↓

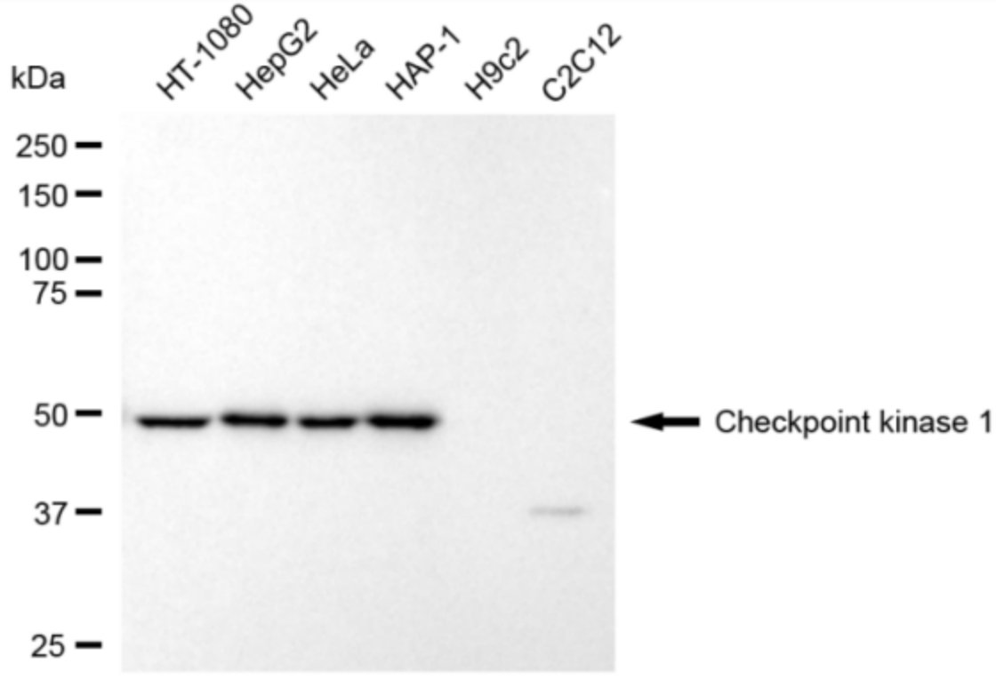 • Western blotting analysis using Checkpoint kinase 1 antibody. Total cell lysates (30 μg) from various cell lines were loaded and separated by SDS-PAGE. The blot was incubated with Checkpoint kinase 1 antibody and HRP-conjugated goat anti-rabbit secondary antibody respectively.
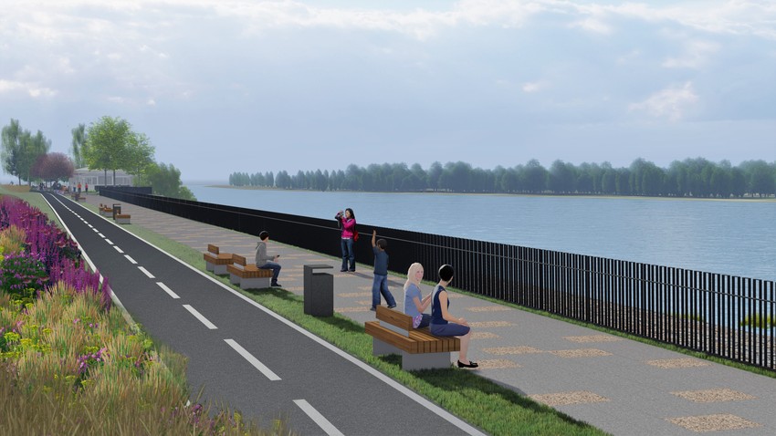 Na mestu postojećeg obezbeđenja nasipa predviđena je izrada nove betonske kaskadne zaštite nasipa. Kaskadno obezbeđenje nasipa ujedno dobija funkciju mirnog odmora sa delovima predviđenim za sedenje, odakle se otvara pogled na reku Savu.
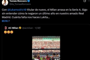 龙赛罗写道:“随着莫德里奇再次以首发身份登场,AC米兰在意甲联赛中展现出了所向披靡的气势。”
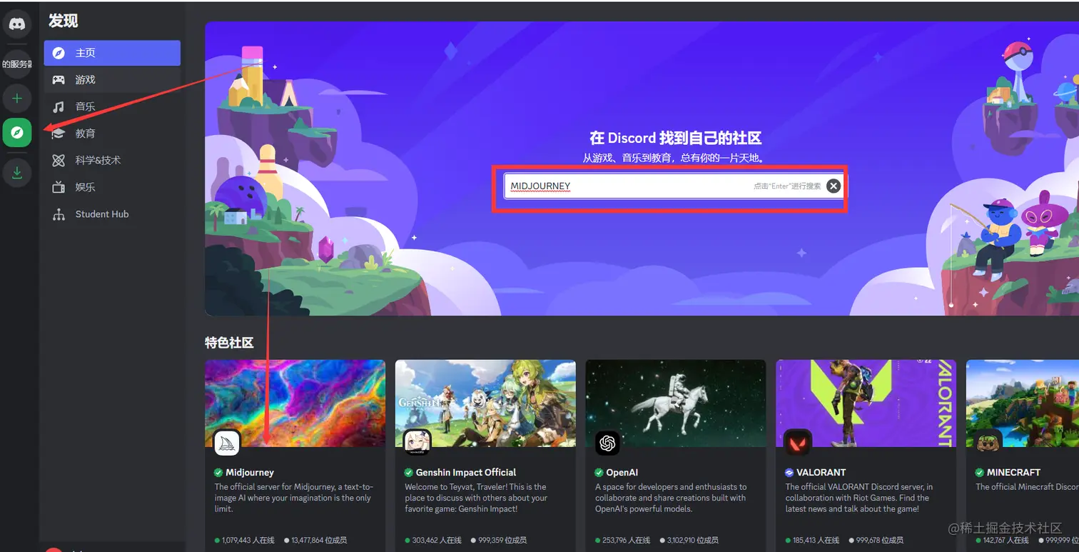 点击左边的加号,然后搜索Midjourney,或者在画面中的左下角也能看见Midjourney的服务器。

↑

Work request: Only the text of the material belongs in your copy, which must match the original exactly.

Answer to the problem:
 • Western blotting analysis using Checkpoint kinase 1 antibody. Total cell lysates (30 μg) from various cell lines were loaded and separated by SDS-PAGE. The blot was incubated with Checkpoint kinase 1 antibody and HRP-conjugated goat anti-rabbit secondary antibody respectively.
 Na mestu postojećeg obezbeđenja nasipa predviđena je izrada nove betonske kaskadne zaštite nasipa. Kaskadno obezbeđenje nasipa ujedno dobija funkciju mirnog odmora sa delovima predviđenim za sedenje, odakle se otvara pogled na reku Savu.
 龙赛罗写道:“随着莫德里奇再次以首发身份登场,AC米兰在意甲联赛中展现出了所向披靡的气势。”
 点击左边的加号,然后搜索Midjourney,或者在画面中的左下角也能看见Midjourney的服务器。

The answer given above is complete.